If so, your child may have a speech delay or language delay. Many times when we speak of children with speech delays, we are referring to delays in pronunciation speech as well as delays in general speaking skills language. Typically we consider children to have a delay in communication when they use fewer than 10 words by 18 months of age or fewer than 80 words at 2 years, though there is no hard and fast rule about this.
It is not uncommon for a child with sensory processing disorder SPD to also receive speech services. This is why it is crucial that, as SLPs, we gain an understanding of SPD and how to help a child with their sensory needs. In doing so, we can understand the root of the behavior, avoid meltdowns, and make progress in intervention.
Children with SPD do not have adequate sensory processing skills to receive, organize, interpret and respond to sensory information efficiently. This negatively affects their attention, behavior, and development. Indicators that a child may have sensory processing disorder: Avoids certain textures while eating or playing You may know that a child on your caseload has SPD because they have a diagnosis and are seeing an occupational therapist OT.

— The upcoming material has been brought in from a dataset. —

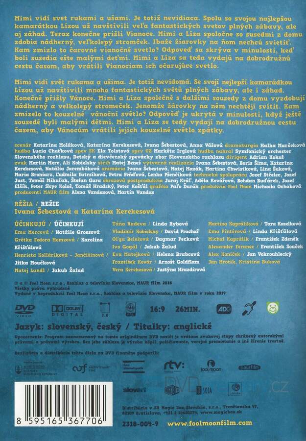 DVD film Mimi a Líza: Záhada vánočního světla [2018]. Česko-slovenský film. Český dabing. Dolby Digital. Proč nesvítí stromeček? Nevidomá Mimi a Liza musí odhalit tajemství z minulosti. Vydejte se s nimi na kouzelnou cestu časem za vánoční magií!

A quiet, dim, enclosed space is ideal. If the child starts to get over-stimulated, use calming sensory strategies such as firm squeezes, rocking, or white noise. Avoid any toys or games with unexpected movements, loud sounds, or that are scented markers, play dough.
Using a visual schedule can help them anticipate future sensory experiences.
Create a sensory-rich environment for the child to explore and engage with. Use alerting sensory strategies to help the child engage. Try using novel and motivating toys and activities to increase engagement and sensory reactivity. The use of a visual schedule is also helpful.
If the child is older and aware of their sensory difficulties, encourage them to communicate when they are feeling overwhelmed or underwhelmed.
Discuss their sensory strategies with them and help him or her with them. If the student is seeing an OT, talk with them to get their suggestions of how to help that particular student with their sensory needs.
Websites for more information regarding SPD: Quantitative psychophysiologic evaluation of Sensory Processing in children with autistic spectrum disorders. Cure Autism Now, February Attention deficit hyperactivity disorder and sensory modulation disorder: A comparison of behavior and physiology.
Allison Fors has primarily worked with diagnoses of autism, Down syndrome, and developmental delays. I found that interactive and engaging resources were an effective way to make progress with my students.Speech-language experts agree that parental involvement is crucial to the success of a child's progress in speech or language therapy.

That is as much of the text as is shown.